Wise Words with Carol Stueckle

Carol Stueckle, former mayor of Colfax, recently lost her job with a hospital foundation. She cried for several days, then she got busy creating an event-planning/fundraising/motivational speaking business she named “A New View at 72.” The business name reflects her age. And her unique view on survival in tough times. She shared that view in a recent Wise Words interview at the Spangle Saloon and Grill. She chose the location because she doesn’t like driving in Spokane’s traffic, and Spangle is halfway between Colfax and Spokane. This is the complete transcript of the Wise Words interview with Rebecca Nappi. An excerpt was published in The Spokesman-Review Sept. 4, 2010.
  • We have the resources, within, to get through the hard times. I lost my “fear of flying” in 1985 when my mother and husband both passed away within five months of each other. That event changed my life. I was managing a farm, this is what I had to do for a number of years to keep my leases. It was a struggle but I had so many wonderful people who helped. And were so kind and so great so I thought I’ll get through this and then I’ll get some kind of a job and the rest will be fine. Well, I was about $350,000 in debt. I sold the houses we owned. And then I just did what I could do. And that was eventually have some auction sales and get rid of the farm. It wasn’t just in the cards. I thought I’ll run for mayor. That ought to be fun. My daughters were enthusiastic. It was an experience, and it was an adventure. So I did that for four years. I definitely wasn’t going to run for another term. But I needed a job. Not only because I liked to be busy, but for the money, too. I went to the hospital administrator, and I said what I’d really like is to be the activity director for our nursing home, for the hospital and the retirement home. He said, “We don’t need that, but we do need a director for the foundation of our hospital.” Within five minutes I was hired. Then they made an assisted living in the center of Colfax and the doctor in charge said do you want to be marketing director? Well I had this other job but I thought, sure I can do both of them. So I was holding two jobs at once. I’ve had a tremendous advantage and had wonderful health. I’m going to knock on wood. That has been my saving grace.

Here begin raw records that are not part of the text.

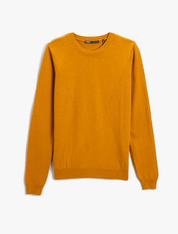 Bisiklet Yaka Dokulu Kumaş Mevsimlik Slim Fit Kazak Sepete Ekle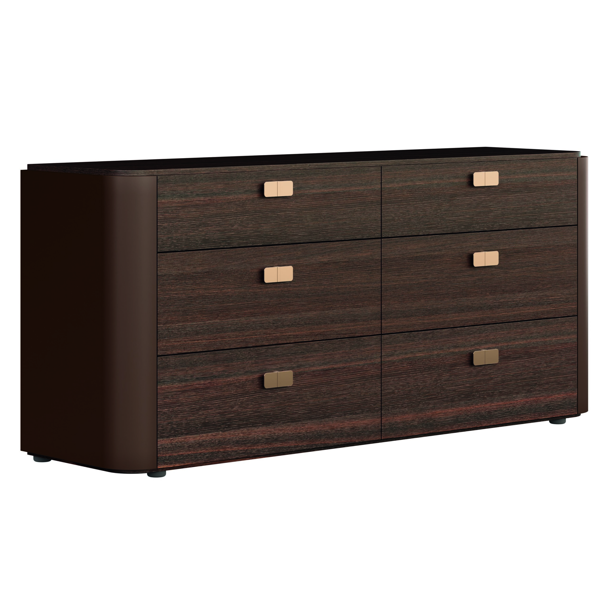 The Appia Dresser combines spacious storage with a refined, architectural design. It features six smooth full-extension drawers, providing plenty of room while maintaining a sleek, minimal exterior. The drawer fronts reflect the bed’s vertical groove detailing, ensuring a cohesive look throughout the collection.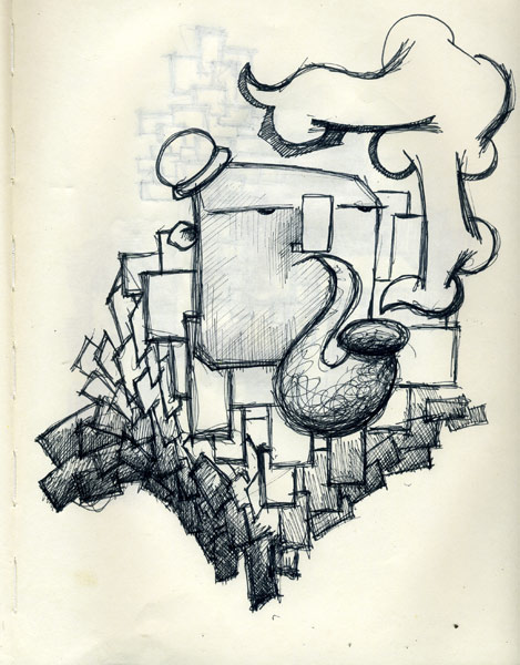 I’ve been working with some new hat sketches and some new sketches for installations. I am still fighting to include a graphic element in all of the installation work, despite the fact that professors claim that the work is stronger without it. But I wonder if it is worthwhile to be strong work if at the same time it loses the piece that is fundamentally me, the author. How do I reconcile cutting myself completely out of the piece? I don’t think I want to, so I’m not going to do it.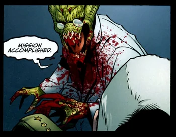 Sixty-three years later, when the NOTB program was compromised by The High, Slyxx was summoned to Washington, D.C.'s Pentagon by General William Somerset, the current overseer of the program, as to why the reversed-engineered alien technology didn't prevented the contained metahumans from acknowledging their virtual reality imprisonment. Slyxx explained that the technology was not meant to be used as a "prison" and that the number of 'subjects' caused the program's compromise. After Somerset had launched the weaponized clones of The High known as the Reapers and were driven insane from their original programming, Slyxx explained to The High, who arrived to the Pentagon to stop his clones, that the Reapers were fully intended to destroy the world's metahumans by creating a post-apocalyptic cataclysm. After The High left to stop the Reapers, Slyxx killed all of Somerset's staff and used the Pentagon's computers, stating to a surprised Somerset that he had left a message to the Daemonite command-creche with the words, "mission accomplished." Slyxx's message definitely stated that the Daemonites had planned Earth's cataclysm from the very beginning of the NOTB program.[1]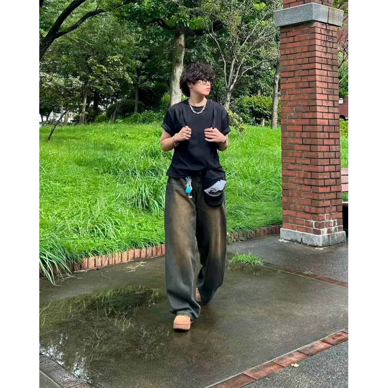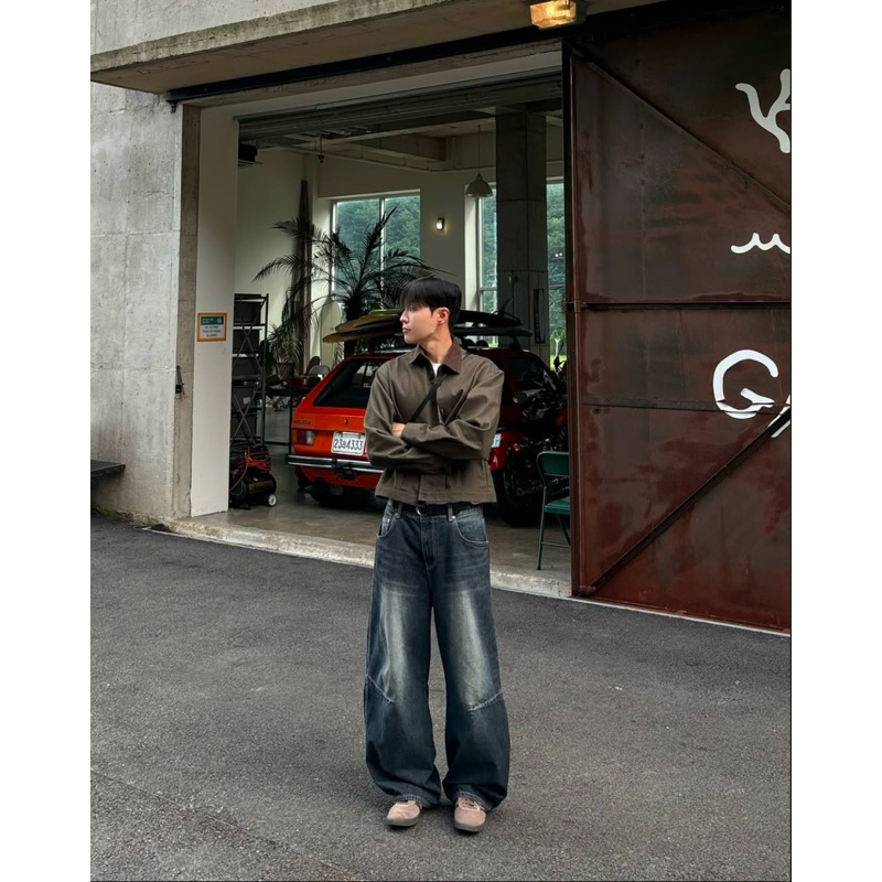 Celana Jeans Baggy Cargo Kulot Pria Jumbo Black Wisker Loose Fit Reguler Standard Denim Washed Skena Celana Baggy Jeans

  • I thought of a “New View at 72” when a vice president of the foundation came to my home and said, “We’re going to have to do something different. We need a computer person. We need a business manager.” He laid out the job description. He said, “We want you to apply if you can.” After a few days it sunk in, and I thought, “Oh my gosh, I’ve been fired.” They tried to be real nice about it. What I did for the first two weeks is cry. Really cry. Then I’d go home and do my thing, shopping and other things. Then come home and cry again. I finally figured out that wasn’t doing one darn bit of good. I knew I had to do something, and there wasn’t a soul who was going to do anything for me if I kept crying. I don’t run a computer and I’m not going to learn. Any first-grader can do it better. So I decided to go on my own. So I’ll do event planning and fund-raising. I’m kind of a jack of all trades. And then the motivational speaking. I’ve done that. So I took all the things I learned in my last job and all my life. A “New View at 72” is my view of life.
  • We all have within us to figure this out. I just do not believe in the naysayers. Turn on the TV. Read some of the things in the newspaper, scares us to death. We are horrible, ghastly people? No we are not. For what we go through, we are pretty darn good. We have the ability within us to take this and figure out something. No one is going to do it for us. We have to go through tragedy. Mine is not the worst at all.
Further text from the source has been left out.